We crossed into Mexico at the San Ysidro gate in Tijuana.  The city is traffic-choked and vaguely chaotic but with the exception of a couple of truckloads of military men in desert camouflage, wearing black face masks to obscure their identities and carrying automatic weapons, and a police officer on every corner, I saw little evidence of the drug wars.


We drove into one of the hillside colonias (neighborhoods) and visited a shelter that catered to women and children.  John interviewed several women and we listened to many versions of the same heartbreaking story.  Abuse and desperation were the themes of each and every narrative but the strength and courage of the people I met was absolutely remarkable.  Then we drove down to Ensenada to another shelter that helps families and interviewed a man who had attempted to cross seven times in the last few months.  All of these people had suffered a great deal but not one of them viewed themselves as a victim.  There was incredible resilience and determination, especially amongst the women.   Each and every one of them was going to try again.  They all believed that they would make it, eventually.

Migrant Memorial

The next morning we got up early and drove from Ensenada back to Tijuana.  I wanted to look at the memorial on the Mexican border that commemorates migrants who have died while crossing.  There are over five thousand crosses on this section of the barrier and a list with names of those who have perished.  It is a powerful, heartbreaking work of art.  Next to the memorial hung a painting of a doorway that opened onto a boulder-strewn wilderness.  John explained that it was a painting of La Rumorosa.  The message was clear; if you wanted to travel across the border, the best way was over those mountains.  I asked him to take me there.

Painting of Rumorosa

We drove through the mountains to Tecate.  The border wall has cut an ugly scar in this beautiful wilderness.  I couldn’t help but think how pointless it was to spend all that money on a useless wilderness boundary that could be so easily breached.

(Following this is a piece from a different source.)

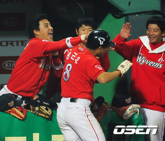 '2011 롯데카드 프로야구' KIA 타이거즈와 SK 와이번스의 준플레이오프 4차전이 12일 오후 광주 무등 야구장에서 열렸다. 3회초 1사 주자 1,2루 SK 최정의 좌익수 뒤 2타점 적시타때 홈을 밟은 박재상과 정근우를 덕아웃에서 동료들과 기쁨을 나누고 있다. . 준플레이오프 4차전에서는 KIA 타이거즈의 에이스 윤석민과 SK 와이번스의 윤희상이 맞대결을 펼쳤다. 3선승제의 준플레이오프에서 1승 2패로 벼랑끝에 몰린 KIA는 남은 두경기를 모두 이겨야만 플레이오프에 진출할 수 있는 상황이다. 이에 KIA는 1차전에서 완투승을 거둔 윤석민이 3일 휴식 후 바로 선발 등판시켰다. 시리즈 전적 1승2패로 몰린 KIA의 경우 윤석민의 등판 시점을 하루 앞당겼다. 조 감독의 얼쩔 수 없는 무리수다. 한편 SK는 이만수 감독대행은 5차전에서 에이스 김광현을 등판시키기로 했다. 2승1패로 앞선 만큼 4차전을 내주더라도 5차전에서 에이스 김광현을 투입해 승리할 수 있다는 자신감을 보여줬다. 지난 1~3차전에서 보여주듯 철저한 투수전 양상으로 흐르는 준플레이오프에서 SK는 강점인 불펜의 힘을 극대화 하고, KIA는 불펜의 약점을 얼마나 상쇄할 수 있느냐가 관건이다. 또 양 팀 모두 극도의 빈타에서 탈출해야 한다. 앞서 SK는 시즌 종반 김성근 전 감독의 사퇴로 내홍을 앓았고 KIA는 시즌 중반 1위에서 4위로 떨어지는 심각한 성적 하락을 겪은 바 있다. 한편 프로야구 준플레이오프는 5전 3선승제로 진행된다. 8~9일 인천 문학구장에서 2연전이 진행됐고, 11~12일 광주구장에서 3, 4차전이 이어진다. 4차전까지 승부를 가리지 못하면 14일 문학구장으로 돌아와 최종전을 벌인다. / rumi@osen.co.kr

We traveled higher into the mountains.  Every few miles there were water stations where migrants could fill their bottles before heading out into the harsh terrain.  I was surprised by the number of stations; it seemed we passed one every couple of miles. And then we arrived in the magnificent area known as La Rumorosa and I knew that this was where Violeta would cross.

La Rumorosa

There are places in the world that speak to me, places of such intense beauty that my spirit literally soars.  These areas feel familiar and give me a great sense of peace.  Southeast Utah and the terrain around Dark Canyon is one.  Grand Gulch is another.  I try to visit often, hike and camp in remote wild lands.  Spending time in those incredible landscapes is one of the great joys of my life.  When I came around the corner on that winding Mexican road and saw the ragged and rocky-mountains of Rumorosa I knew that I’d found a new place of deep significance.  It was immediately familiar and important to me in its harsh beauty and I knew that it was here that Violeta would begin her journey.

Saint Judas Tadeo Shrine

We drove in silence, awestruck by the desolate beauty, then came around yet another corner and found a roadside shine to Saint Judas Tadeo.  He is a Saint who offers help to those in desperate need.  There were flowers and the water station was full.  We went inside and saw new candles burning; someone had passed by recently.

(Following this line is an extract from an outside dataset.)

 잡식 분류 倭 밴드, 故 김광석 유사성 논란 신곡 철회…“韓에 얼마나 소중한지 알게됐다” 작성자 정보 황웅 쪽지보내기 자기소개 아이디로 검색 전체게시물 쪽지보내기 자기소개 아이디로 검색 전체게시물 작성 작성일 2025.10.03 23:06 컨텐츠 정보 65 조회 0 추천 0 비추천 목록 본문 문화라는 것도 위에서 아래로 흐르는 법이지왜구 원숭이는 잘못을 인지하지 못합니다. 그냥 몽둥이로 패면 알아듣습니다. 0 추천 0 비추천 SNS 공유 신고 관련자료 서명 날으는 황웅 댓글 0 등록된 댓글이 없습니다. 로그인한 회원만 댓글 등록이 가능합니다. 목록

This was clearly an important place for those who risked their lives to cross the border, a place of worship and prayer.   I could feel the people who had passed here before me and I saw the evidence of their offerings.  I felt their hope and their fear.  There were fresh flowers everywhere.   Often people will bring pictures of their loved ones, or pictures of themselves, and ask the saint to protect them and grant them safe passage.  There were photographs in this shrine of small children.  And pinned to one of the offerings was a picture of a handsome young man who looked exactly like my character, Felix Duarte.  I felt that Violeta had been here and was guiding me forward.  I could feel her strength and spirit.  I just hope I can do her story justice.